- Information shown:
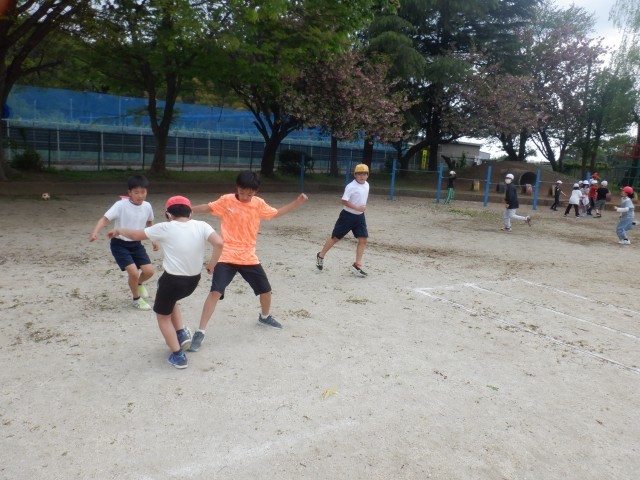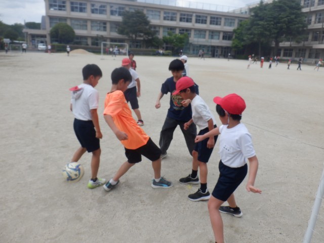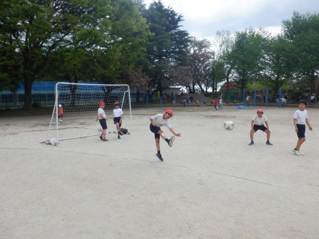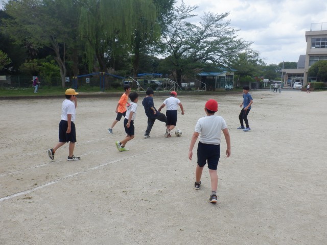 たくさんの子が、校庭で元気に遊んでいました。最近は、一輪車やサッカーが人気です。鬼ごっこやボール投げを楽しむ子もたくさんいました。
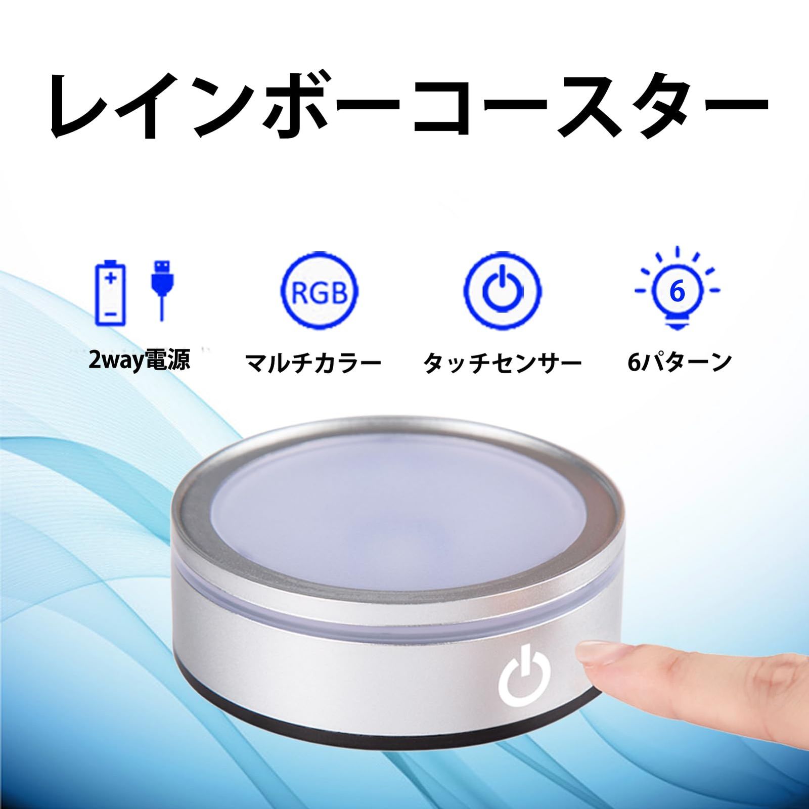 IFOLAINA LED レインボー コースター 円型 光る 台座 ライト ステージ ハーバリウム ライト 光る タッチセンサー式 台座 間接照明 オブジェ ディスプレイ ライト フィギュア スタンド ホーム オフィス 飾り 誕生日 プレゼント 贈り物
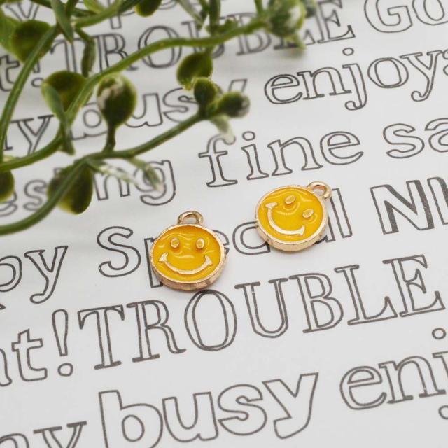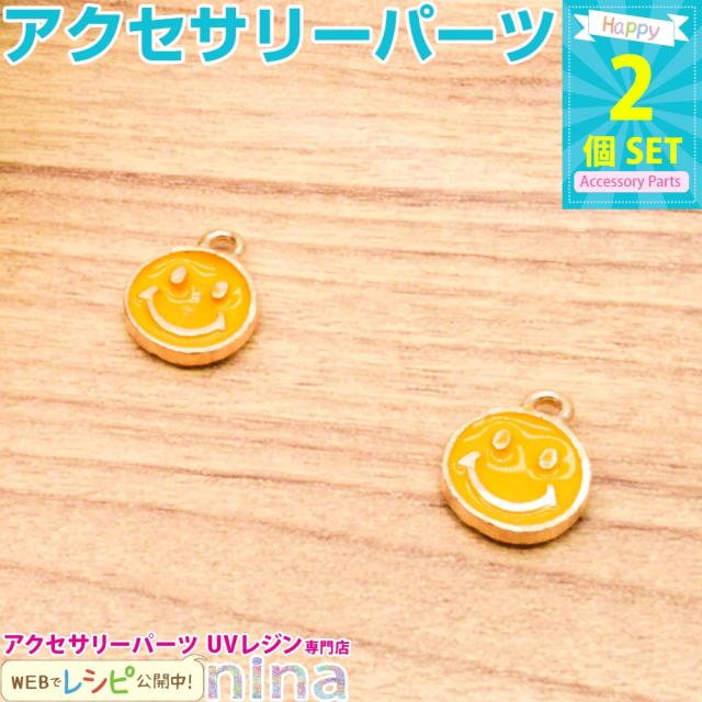 ニコちゃんチャーム イエロー 2個セット | ニコちゃんチャームが可愛くアレンジを! / ゴールド ニコちゃん イエロー 黄色 チャーム ハンドメイド アクセサリー 手芸 パーツ イヤホンジャック バックチャーム ゴールド 手作り UVレジン レジン

- How to complete this task: All pictures should be dropped; the lines from the one containing "IFOLAINA LED レインボー" through the last line of the material are to be set down exactly.

- Output below:
 IFOLAINA LED レインボー コースター 円型 光る 台座 ライト ステージ ハーバリウム ライト 光る タッチセンサー式 台座 間接照明 オブジェ ディスプレイ ライト フィギュア スタンド ホーム オフィス 飾り 誕生日 プレゼント 贈り物
 ニコちゃんチャーム イエロー 2個セット | ニコちゃんチャームが可愛くアレンジを! / ゴールド ニコちゃん イエロー 黄色 チャーム ハンドメイド アクセサリー 手芸 パーツ イヤホンジャック バックチャーム ゴールド 手作り UVレジン レジン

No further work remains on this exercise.